I haven’t bored you, Dear Reader, for a while with my weight loss (now maintenance) battles, so now I’ll do a quick post, for myself (to keep my attention on this effort). As any long-term readers know this was a common type of post in months past but something I’ve largely abandoned, partly out of disappointment in myself, partly as I don’t want to admit what’s happened. But that’s how it happens, the yo-yo weight loss and so now I’ll put myself on display as part of the incentive to myself to maintain my discipline. Here’s the history, as a reminder:
Note: I’m also suffering from the failure of my WiFi repeater and thus poor Net connectivity that makes posts, especially uploads of these graphs difficult.
So for about 10 months (the left side of the graph) I was on a steady downward march.

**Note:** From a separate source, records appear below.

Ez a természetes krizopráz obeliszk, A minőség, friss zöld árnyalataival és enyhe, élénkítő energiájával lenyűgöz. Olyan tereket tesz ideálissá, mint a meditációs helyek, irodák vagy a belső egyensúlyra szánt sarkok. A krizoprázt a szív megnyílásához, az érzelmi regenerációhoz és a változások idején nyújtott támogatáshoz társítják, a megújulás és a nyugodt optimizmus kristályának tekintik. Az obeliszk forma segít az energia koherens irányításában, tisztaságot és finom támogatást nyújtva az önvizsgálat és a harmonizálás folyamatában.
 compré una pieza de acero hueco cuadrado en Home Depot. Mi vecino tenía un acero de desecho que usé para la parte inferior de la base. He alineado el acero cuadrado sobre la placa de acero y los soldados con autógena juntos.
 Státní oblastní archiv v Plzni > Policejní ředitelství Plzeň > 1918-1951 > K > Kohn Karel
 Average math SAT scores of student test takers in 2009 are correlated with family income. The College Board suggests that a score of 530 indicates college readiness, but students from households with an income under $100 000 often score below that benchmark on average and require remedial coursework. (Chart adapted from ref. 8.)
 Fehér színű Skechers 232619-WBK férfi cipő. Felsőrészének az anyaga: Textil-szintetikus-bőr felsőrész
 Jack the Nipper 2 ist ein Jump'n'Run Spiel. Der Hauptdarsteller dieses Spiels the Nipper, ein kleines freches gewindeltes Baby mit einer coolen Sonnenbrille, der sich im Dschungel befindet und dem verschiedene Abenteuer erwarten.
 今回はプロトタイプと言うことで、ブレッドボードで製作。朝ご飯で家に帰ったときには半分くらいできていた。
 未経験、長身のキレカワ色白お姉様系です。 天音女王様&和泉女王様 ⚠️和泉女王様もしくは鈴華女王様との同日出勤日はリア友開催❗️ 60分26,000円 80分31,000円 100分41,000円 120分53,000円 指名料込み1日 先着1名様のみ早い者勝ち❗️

The red line is the actually once-a-week (Sunday) weigh-in and the green line is a 6-month moving average which smooths some of the bumps. Previous bumps were due to vacations, which is a pardonable relapse of some weight gain, usually quickly reversed, because eating out is part of my vacation fun.
But of late (last five months or so) I’ve struggled to do the harder task (no mental reward of a nice steady decrease) of weight maintenance, better seen in this shorter-term graph:
The starting point of this graph is my return from a vacation in Boston, with the usual weight gain due to eating out, but with the usual rapid loss. The next bump is the end-of-year (Xmas, New Year’s) holiday bump, again with fairly rapid decline, although not quite to previous levels.
So it’s the fairly steady gain starting in week 126, about 5 months ago that is alarming. This is how it starts, one over-indulgence after another, one excuse (I’ll get back on track next week) after another, and then over the last couple of months where my life has been turned upside-down by having to put much more time and effort into caring for my 100YO mother with her end-of-life issues.
What doesn’t show on this graph (but in another in my spreadsheets) is the fairly steady 0.33lb/week gain since March 2015, resulting in about 10lb gain since my last low (which was near my target of 185lbs). Lots of reasons why this is happening, but the real message (to me) is that it is happening and undeniable, and unlike the vacation gains, not a short-term, easy-to-reverse kind of gain.
That means I need to calm my life and restore my discipline and get those 10lbs (real fat this time) back off. During my sustained loss I average just under 2.5lbs/week, so IOW, I have five weeks of the same type of discipline I had to get back to where I should be. My life circumstances aren’t (yet) very helpful for maintaining my focus, but I just have to not let that become a perpetual excuse.
So that leads to my first term in my title – Apathy. It was much easier in my first 10 months of significant and sustained loss. I was almost totally focused and rewarded for my effort with a nice set of numbers, providing the positive feedback to stay focused. But now, facing hunger every day for the next five weeks, plus a general tiredness and fatigue doing my exercise, I have a difficult mental battle with myself to actually care enough to put in the effort.
My initial weight loss was triggered by a doctor visit recommending drugs I didn’t want to take. Not only did I succeed in avoiding that I even eliminated the previous drugs I’d been taking (cholesterol control, BP control) and I really enjoyed accomplishing that. But today I’ve already had that “reward” and so I’m just looking at preventing getting back to the bad state I was before, which is, simply, not the same kind of incentive.